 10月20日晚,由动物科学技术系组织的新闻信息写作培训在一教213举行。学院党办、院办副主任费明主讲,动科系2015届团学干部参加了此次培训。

◇ ◇ ◇ ◇ ◇ ◇ ◇

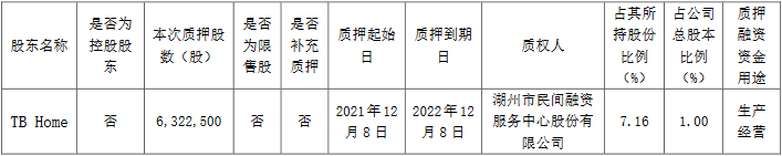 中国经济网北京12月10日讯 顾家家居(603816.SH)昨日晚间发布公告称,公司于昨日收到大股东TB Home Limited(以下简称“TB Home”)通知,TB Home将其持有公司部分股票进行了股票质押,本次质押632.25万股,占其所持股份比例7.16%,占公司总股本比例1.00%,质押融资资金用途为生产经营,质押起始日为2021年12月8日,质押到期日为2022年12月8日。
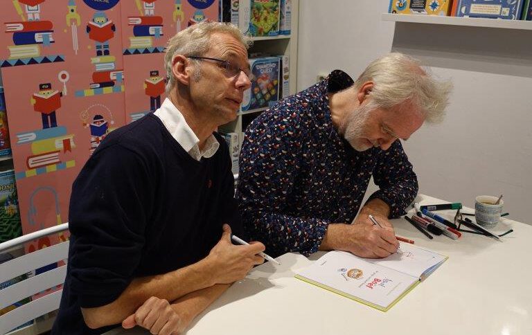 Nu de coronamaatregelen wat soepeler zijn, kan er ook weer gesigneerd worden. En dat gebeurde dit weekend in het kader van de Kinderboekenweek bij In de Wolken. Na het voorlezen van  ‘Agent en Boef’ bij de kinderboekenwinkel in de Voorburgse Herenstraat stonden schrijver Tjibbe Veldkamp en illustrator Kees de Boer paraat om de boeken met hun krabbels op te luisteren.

◇ ◇ ◇ ◇ ◇ ◇ ◇

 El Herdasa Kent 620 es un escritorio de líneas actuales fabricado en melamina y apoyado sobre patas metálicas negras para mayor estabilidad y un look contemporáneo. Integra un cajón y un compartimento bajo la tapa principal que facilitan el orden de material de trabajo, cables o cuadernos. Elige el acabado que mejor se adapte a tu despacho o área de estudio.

◇ ◇ ◇ ◇ ◇ ◇ ◇

▸ What is required: What should come back is an exact copy of the lines above from the line with "中国经济网北京12月10日讯 顾家家居(603816.SH)昨日晚间发布公告称,公司于昨日收到大股东TB Home" to the line with "Nu de coronamaatregelen", both included, minus the pictures.

▸ Written response:
 中国经济网北京12月10日讯 顾家家居(603816.SH)昨日晚间发布公告称,公司于昨日收到大股东TB Home Limited(以下简称“TB Home”)通知,TB Home将其持有公司部分股票进行了股票质押,本次质押632.25万股,占其所持股份比例7.16%,占公司总股本比例1.00%,质押融资资金用途为生产经营,质押起始日为2021年12月8日,质押到期日为2022年12月8日。
 Nu de coronamaatregelen wat soepeler zijn, kan er ook weer gesigneerd worden. En dat gebeurde dit weekend in het kader van de Kinderboekenweek bij In de Wolken. Na het voorlezen van  ‘Agent en Boef’ bij de kinderboekenwinkel in de Voorburgse Herenstraat stonden schrijver Tjibbe Veldkamp en illustrator Kees de Boer paraat om de boeken met hun krabbels op te luisteren.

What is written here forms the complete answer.